Phishing emails, malicious email attachments, and visiting compromised websites have been common vehicles of infection (we wrote about phishing in “Top 10 Ways to Protect Yourself Against Phishing Attacks”), but other methods have become more common recently. Cryptoworms have been spreading because of weaknesses in Microsoft’s Server Message Block and Remote Desktop Protocol. Infected desktop applications, including an accounting package, and even Microsoft Office (Microsoft Dynamic Data Exchange (DDE), have been used as agents.
Ransomware strains like WannaCry, CryptoLocker, and Petya have recently included worms that spread themselves across networks. This earned them the nickname “crypto worms.”
Ransomware: How to Stop It
You’ve been infected by ransomware. What are your next steps?

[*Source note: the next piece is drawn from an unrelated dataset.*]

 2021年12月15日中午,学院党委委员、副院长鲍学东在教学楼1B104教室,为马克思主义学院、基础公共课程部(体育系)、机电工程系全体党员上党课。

- 1. You can prevent the infection from spreading by isolating infected computers, shared storage, and the network.
- 2. 2. Identify the Infection: Using evidence from the computer and messages to determine the malware strain you are dealing with,
- 3. Report: Inform the authorities about your plans to coordinate and support counter-attack measures.
- 4. There are many options available to you. Decide which one is right for you.

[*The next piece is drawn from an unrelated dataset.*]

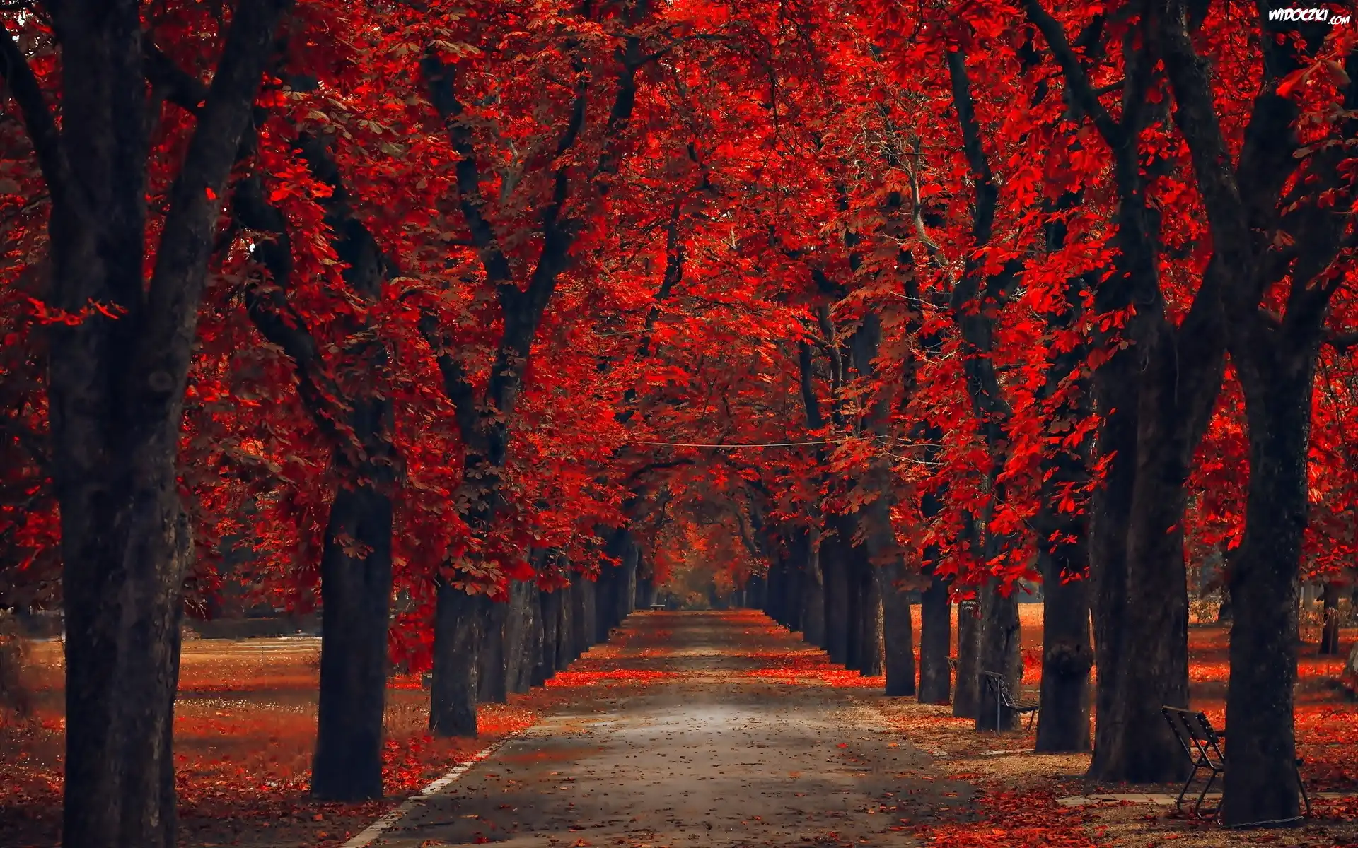 Zdjęcia, Park, Jesień, Czerwone, Drzewa, Aleja, Liście

- 5. Restore and refresh: Make sure to use safe backups, programs, and software resources, and make sure you have the right tools at your disposal to restore or upgrade your computer.
- 6. You can prevent recurrence by planning. Assess the circumstances surrounding the infection and determine what you can do to prevent it from happening again.
1. 1. Isolate the Infection
It is crucial to detect ransomware quickly and accurately before it spreads across networks and encrypts vital data.
It is important to immediately isolate a computer from other computers and storage devices if it is suspected that it is infected. It should be disconnected from both the Wi-Fi and wired networks as well as any storage devices. Cryptoworms are actively looking for connections to other computers. You want to stop that from happening. The ransomware should not be communicating with the command and control center across the network.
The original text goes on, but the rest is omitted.